■ **TO DO**: Below are some records. Retype exactly the lines from the one containing "Accessible crossing Gympie" through the one containing "Currently enrolled students", both included, skipping every picture.

── DATA PROVIDED

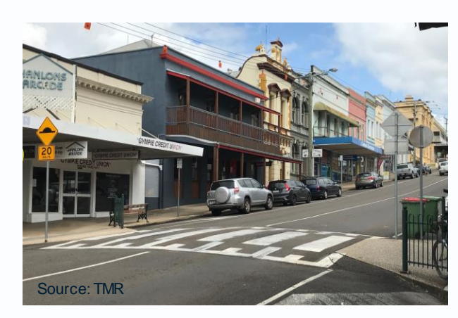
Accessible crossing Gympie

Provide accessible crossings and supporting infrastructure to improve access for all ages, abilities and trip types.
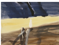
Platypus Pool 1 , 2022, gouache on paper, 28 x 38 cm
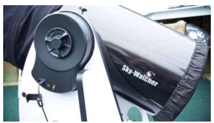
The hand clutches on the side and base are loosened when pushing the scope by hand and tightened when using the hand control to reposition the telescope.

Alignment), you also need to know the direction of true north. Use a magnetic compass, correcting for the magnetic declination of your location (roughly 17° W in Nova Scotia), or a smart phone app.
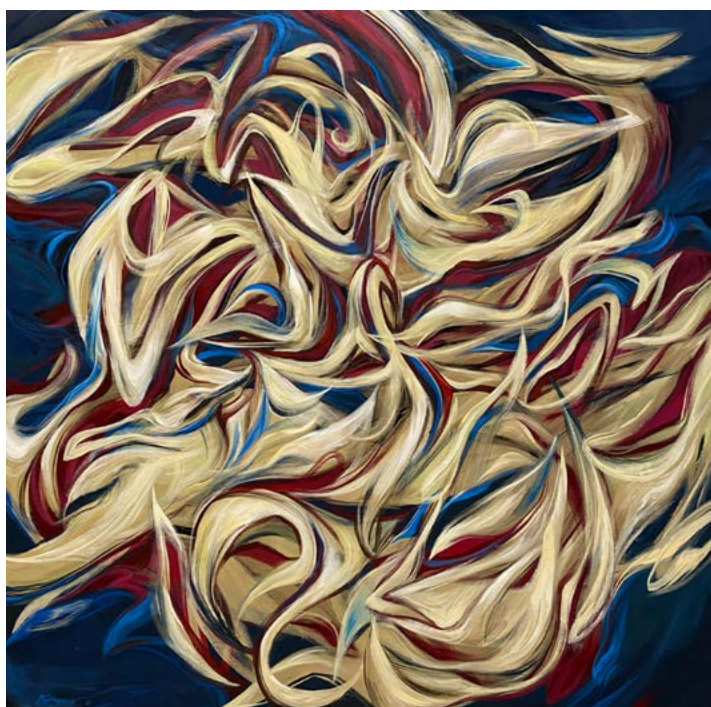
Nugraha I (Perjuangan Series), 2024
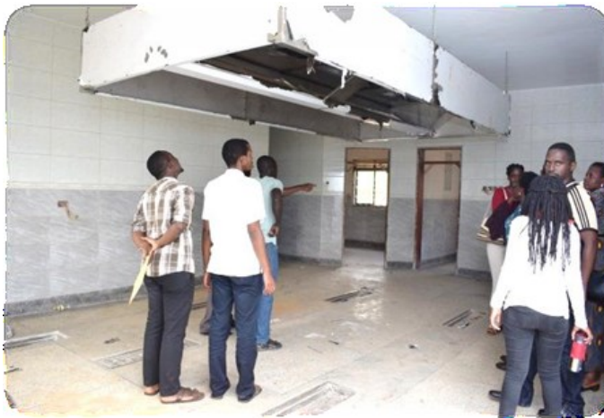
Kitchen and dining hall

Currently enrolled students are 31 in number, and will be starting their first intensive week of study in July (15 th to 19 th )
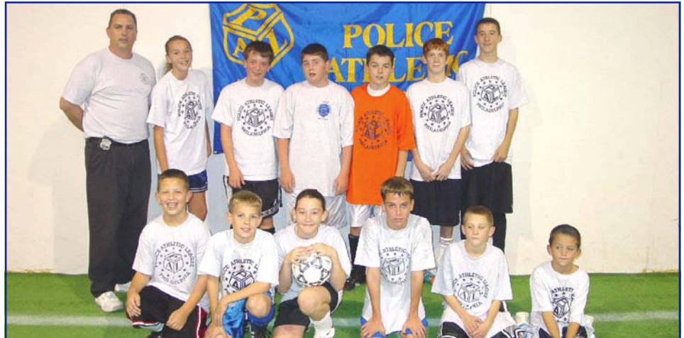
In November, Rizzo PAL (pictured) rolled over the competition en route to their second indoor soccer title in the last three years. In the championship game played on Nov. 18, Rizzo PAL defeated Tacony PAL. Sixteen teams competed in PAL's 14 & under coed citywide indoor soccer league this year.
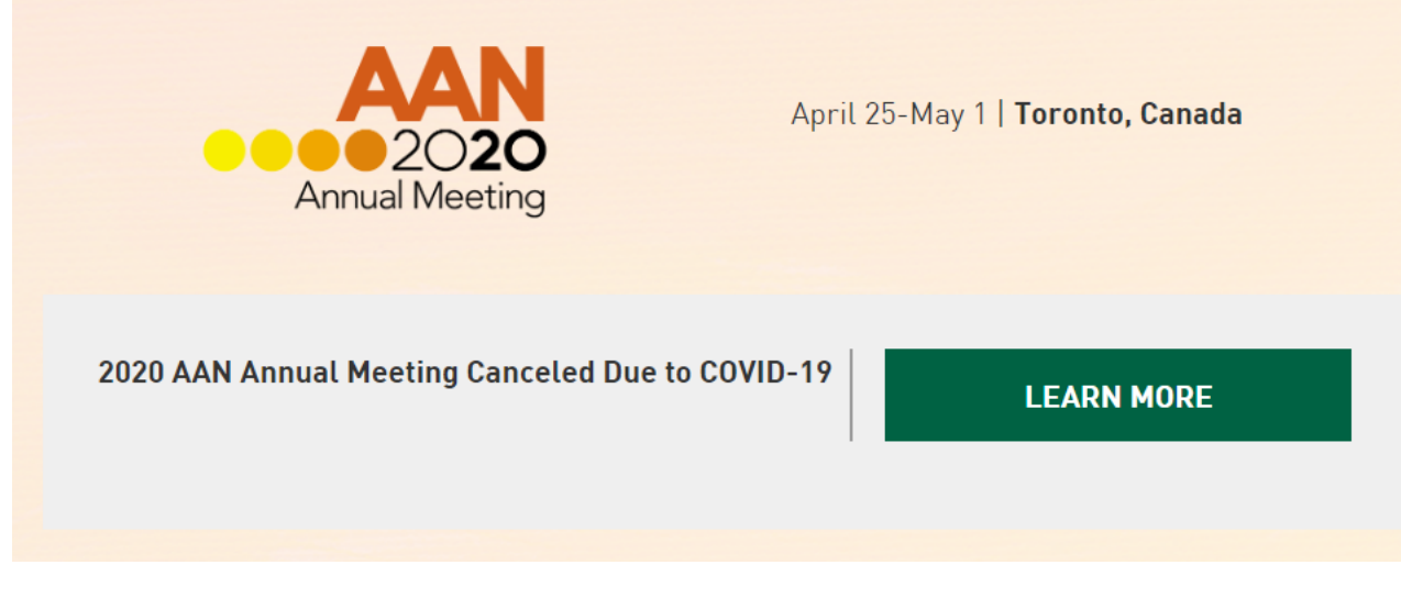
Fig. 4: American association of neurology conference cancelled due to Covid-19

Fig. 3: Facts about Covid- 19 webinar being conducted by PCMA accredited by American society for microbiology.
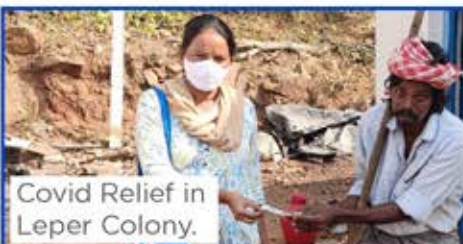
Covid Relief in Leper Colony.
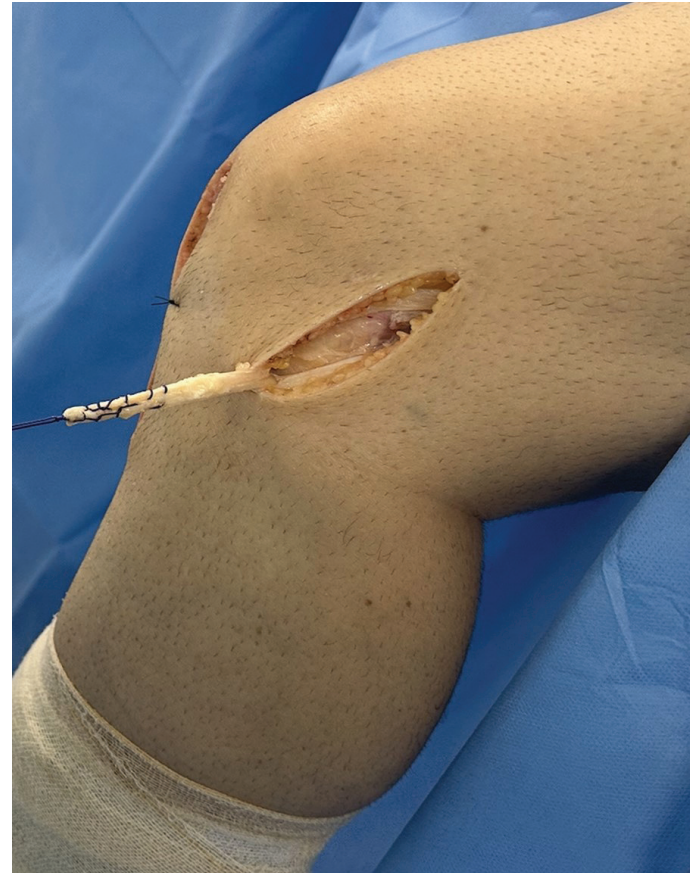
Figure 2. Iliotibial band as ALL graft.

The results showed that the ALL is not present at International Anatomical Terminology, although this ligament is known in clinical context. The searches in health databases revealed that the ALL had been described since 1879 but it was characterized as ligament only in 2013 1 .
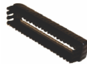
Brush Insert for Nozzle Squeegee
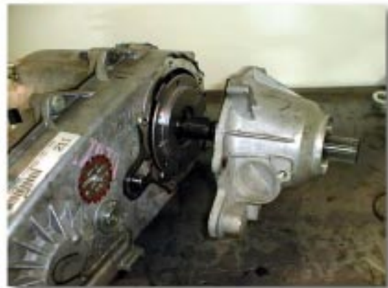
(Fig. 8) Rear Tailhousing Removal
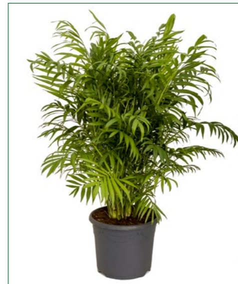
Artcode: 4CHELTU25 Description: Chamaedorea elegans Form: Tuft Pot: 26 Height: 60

────
── DATA PROVIDED

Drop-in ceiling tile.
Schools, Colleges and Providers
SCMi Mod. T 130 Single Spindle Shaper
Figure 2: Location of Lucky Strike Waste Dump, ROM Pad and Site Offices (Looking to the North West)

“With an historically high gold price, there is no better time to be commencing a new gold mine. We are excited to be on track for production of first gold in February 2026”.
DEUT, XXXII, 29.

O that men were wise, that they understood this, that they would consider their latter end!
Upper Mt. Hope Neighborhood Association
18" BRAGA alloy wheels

────
── DATA PROVIDED

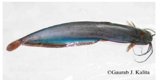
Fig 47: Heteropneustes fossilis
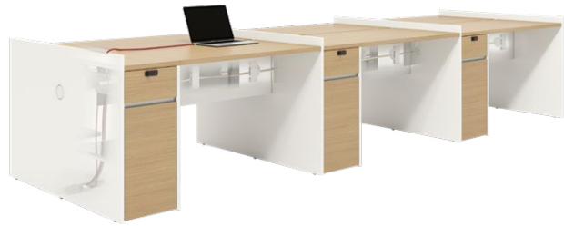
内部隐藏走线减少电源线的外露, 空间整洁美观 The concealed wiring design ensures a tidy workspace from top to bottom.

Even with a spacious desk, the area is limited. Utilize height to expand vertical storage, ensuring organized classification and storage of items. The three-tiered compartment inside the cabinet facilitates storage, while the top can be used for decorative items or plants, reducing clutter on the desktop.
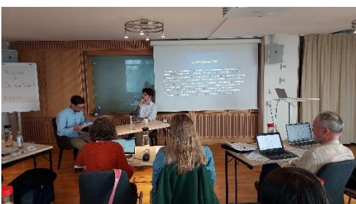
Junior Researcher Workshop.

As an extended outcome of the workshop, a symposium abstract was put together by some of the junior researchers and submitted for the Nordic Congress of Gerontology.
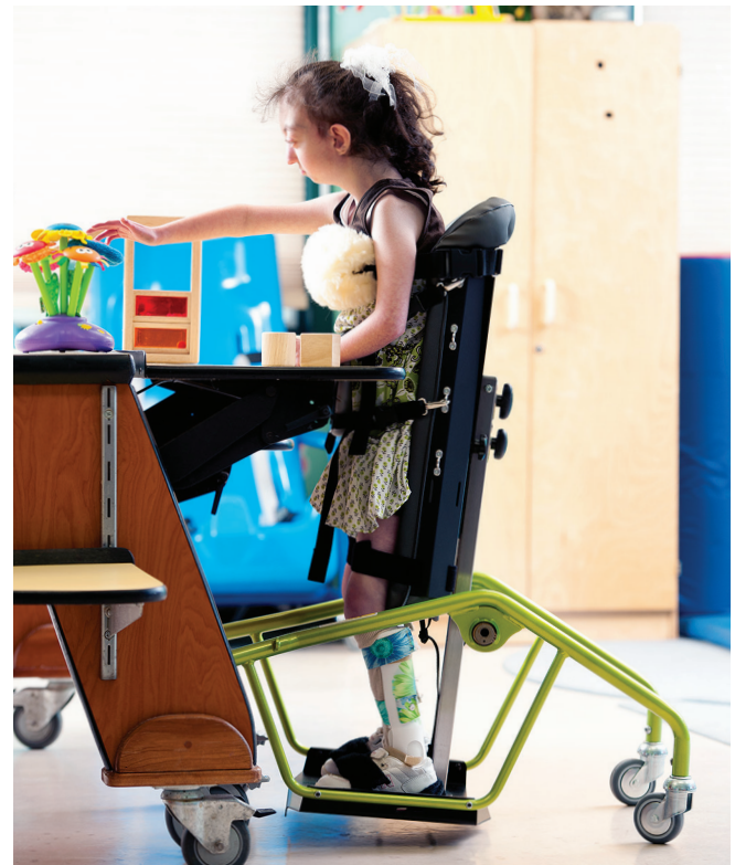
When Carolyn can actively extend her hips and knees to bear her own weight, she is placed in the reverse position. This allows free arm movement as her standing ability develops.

────

■ **THE ANSWER**:
Accessible crossing Gympie

Provide accessible crossings and supporting infrastructure to improve access for all ages, abilities and trip types.
Platypus Pool 1 , 2022, gouache on paper, 28 x 38 cm
The hand clutches on the side and base are loosened when pushing the scope by hand and tightened when using the hand control to reposition the telescope.

Alignment), you also need to know the direction of true north. Use a magnetic compass, correcting for the magnetic declination of your location (roughly 17° W in Nova Scotia), or a smart phone app.
Nugraha I (Perjuangan Series), 2024
Kitchen and dining hall

Currently enrolled students are 31 in number, and will be starting their first intensive week of study in July (15 th to 19 th )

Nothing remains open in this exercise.